= List of awards and nominations received by Manna =

Manna, was a successful Bangladeshi film actor and producer. In his 24 years career he has acted in more than three hundred films.
He earned numerous accolades in his long career, including 1 National Film Award, 3 Meril Prothom Alo Awards, and 5 Bachsas Awards.

He earned a Bangladesh National Film Award for Best Actor for his role in the film Bir Soinik (2003).

== Rewards and honors ==

- National Film Award

He was nominated for several National Film Awards but won one.

| Years | Film | Category | Results | Sources |
|---|---|---|---|---|
| 1992 | Kosto | Best Actor | Nominated |  |
| 1999 | Ammajan | Best Actor | Nominated |  |
| 2003 | Bir Soinik | Best Actor | Won |  |
| 2004 | Uttarer Khep | Best Actor | Nominated |  |
| 2006 | Kabuliwala | Best Actor | Nominated |  |

- Meril Prothom Alo Award

He was nominated for the Merill-Prothom-alo Award a total of eight times, winning three times.

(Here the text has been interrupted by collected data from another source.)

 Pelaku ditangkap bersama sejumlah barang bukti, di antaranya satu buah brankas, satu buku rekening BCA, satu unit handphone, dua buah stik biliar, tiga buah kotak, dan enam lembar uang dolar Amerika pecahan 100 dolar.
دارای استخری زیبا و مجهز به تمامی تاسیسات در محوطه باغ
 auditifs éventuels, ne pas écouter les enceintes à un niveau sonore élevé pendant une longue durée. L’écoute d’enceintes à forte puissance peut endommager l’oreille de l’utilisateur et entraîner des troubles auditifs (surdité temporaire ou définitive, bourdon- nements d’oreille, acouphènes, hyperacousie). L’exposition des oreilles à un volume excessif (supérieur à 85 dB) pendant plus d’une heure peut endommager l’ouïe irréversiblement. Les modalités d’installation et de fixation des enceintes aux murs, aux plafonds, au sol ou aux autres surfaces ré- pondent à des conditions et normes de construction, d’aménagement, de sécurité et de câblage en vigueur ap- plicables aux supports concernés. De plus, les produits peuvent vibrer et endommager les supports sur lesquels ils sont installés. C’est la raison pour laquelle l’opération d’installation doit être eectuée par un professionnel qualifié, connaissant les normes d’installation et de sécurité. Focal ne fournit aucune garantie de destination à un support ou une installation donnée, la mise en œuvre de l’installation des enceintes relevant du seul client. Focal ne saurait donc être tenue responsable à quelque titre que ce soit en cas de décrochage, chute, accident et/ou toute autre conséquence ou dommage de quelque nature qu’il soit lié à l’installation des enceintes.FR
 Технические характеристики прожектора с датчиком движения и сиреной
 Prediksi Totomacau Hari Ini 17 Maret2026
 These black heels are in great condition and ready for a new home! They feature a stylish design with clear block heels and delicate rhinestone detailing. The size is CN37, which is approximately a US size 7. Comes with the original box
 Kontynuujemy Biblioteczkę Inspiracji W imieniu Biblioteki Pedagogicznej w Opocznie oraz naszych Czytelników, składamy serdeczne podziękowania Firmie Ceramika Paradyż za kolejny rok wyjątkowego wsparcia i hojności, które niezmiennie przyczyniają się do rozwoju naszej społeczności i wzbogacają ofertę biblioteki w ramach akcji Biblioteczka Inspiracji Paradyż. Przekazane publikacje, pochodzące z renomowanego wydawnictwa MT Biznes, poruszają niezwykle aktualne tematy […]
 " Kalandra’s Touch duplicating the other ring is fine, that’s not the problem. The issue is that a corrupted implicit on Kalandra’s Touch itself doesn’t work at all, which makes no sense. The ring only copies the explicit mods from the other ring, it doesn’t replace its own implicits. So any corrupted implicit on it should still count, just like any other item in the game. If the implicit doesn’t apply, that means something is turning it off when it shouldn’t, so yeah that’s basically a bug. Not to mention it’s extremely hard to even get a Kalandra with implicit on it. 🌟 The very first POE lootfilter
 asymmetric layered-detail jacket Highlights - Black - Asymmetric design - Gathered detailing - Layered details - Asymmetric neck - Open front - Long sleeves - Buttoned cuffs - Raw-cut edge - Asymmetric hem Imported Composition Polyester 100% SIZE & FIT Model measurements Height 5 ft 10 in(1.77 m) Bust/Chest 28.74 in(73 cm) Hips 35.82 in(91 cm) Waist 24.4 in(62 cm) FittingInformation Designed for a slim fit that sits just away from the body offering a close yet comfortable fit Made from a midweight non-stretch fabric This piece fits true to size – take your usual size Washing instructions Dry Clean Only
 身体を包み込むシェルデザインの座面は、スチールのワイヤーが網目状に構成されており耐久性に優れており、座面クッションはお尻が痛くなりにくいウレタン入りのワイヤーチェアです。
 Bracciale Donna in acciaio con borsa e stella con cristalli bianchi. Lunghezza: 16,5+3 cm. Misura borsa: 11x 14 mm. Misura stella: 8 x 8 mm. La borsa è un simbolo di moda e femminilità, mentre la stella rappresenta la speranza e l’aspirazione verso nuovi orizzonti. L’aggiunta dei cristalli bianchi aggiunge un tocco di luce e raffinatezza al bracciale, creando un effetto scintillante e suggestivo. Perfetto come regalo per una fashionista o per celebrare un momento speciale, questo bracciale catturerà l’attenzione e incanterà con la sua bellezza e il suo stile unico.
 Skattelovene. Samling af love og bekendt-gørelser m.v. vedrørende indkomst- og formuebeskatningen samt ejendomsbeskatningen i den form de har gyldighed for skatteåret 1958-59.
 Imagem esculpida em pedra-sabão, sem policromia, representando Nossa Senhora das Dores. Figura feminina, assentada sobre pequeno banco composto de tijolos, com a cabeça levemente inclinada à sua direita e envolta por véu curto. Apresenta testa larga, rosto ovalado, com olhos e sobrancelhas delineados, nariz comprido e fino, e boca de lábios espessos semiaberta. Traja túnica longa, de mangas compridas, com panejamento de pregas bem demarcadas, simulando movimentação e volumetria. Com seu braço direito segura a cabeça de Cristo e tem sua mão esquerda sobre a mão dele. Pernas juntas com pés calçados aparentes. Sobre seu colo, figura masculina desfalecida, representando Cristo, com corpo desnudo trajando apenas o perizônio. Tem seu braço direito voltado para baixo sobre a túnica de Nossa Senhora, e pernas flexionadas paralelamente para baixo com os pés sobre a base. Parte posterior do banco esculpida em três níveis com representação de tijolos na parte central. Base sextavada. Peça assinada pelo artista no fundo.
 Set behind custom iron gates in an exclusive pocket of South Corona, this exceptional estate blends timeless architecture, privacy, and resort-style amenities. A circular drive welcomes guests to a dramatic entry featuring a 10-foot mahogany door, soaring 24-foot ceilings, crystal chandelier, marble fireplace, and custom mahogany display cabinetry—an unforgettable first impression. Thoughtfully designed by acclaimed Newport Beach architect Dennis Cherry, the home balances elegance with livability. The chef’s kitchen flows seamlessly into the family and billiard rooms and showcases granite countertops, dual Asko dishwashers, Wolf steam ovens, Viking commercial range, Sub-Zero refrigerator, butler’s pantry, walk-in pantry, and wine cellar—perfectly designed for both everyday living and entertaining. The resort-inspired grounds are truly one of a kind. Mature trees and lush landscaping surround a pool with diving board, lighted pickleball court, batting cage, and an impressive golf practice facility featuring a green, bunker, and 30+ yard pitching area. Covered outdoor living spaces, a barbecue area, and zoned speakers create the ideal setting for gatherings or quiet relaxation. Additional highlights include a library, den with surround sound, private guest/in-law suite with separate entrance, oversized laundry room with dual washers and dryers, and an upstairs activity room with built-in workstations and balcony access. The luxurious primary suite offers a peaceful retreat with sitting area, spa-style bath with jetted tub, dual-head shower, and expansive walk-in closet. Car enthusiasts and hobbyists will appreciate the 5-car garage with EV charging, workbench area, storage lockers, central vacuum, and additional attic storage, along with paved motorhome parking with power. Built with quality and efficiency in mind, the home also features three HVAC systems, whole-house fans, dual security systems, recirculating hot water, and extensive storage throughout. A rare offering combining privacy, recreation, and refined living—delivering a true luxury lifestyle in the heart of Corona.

| Years | Film | Category | Results | Sources |
|---|---|---|---|---|
| 1999 | Ammajan | Best Actor | Won |  |
| 2000 | Kosto | Best Actor | Won |  |
| 2001 | Abbajan | Best Actor | Nominated |  |
| 2002 | Shami Striri joddo | Best Actor | Nominated |  |
| 2003 | doi bodu ek shami | Best Actor | Nominated |  |
| 2005 | Ami jeil theke bolsi | Best Actor | Nominated |  |
| 2006 | Mayer Morjada | Best Actor | Nominated |  |
| 2006 | MachineMan | Best Actor | Won |  |

- Bachsas Awards

He has been nominated for several Bacchus Awards, four times for Best Actor and one posthumously for his contribution to the film industry.

| Years | Film | Category | Results | Sources |
| 1999 | Ammajan | Best Actor | Won |  |
| 2001 | Abbajan | Best Actor | Won |  |
| 2004 | Uttarer Khep | Best Actor | Won |
| 2006 | Moner Sathe Joddo | Best Actor | Won |  |
| 2006 | Special contribution to the film | Special award | Won |

=== Other awards and honors ===
- Asian Journalist Human Rights and Cultural Foundation
- 'Winner' : AJHRCF Performance Award 2018 (posthumous)

=== Building naming ===
The video editing, color grading and dubbing studio has been renamed "Manna Digital Complex" in the digital system within the Bangladesh Film Development Corporation for his outstanding contribution to the Bangladesh film industry.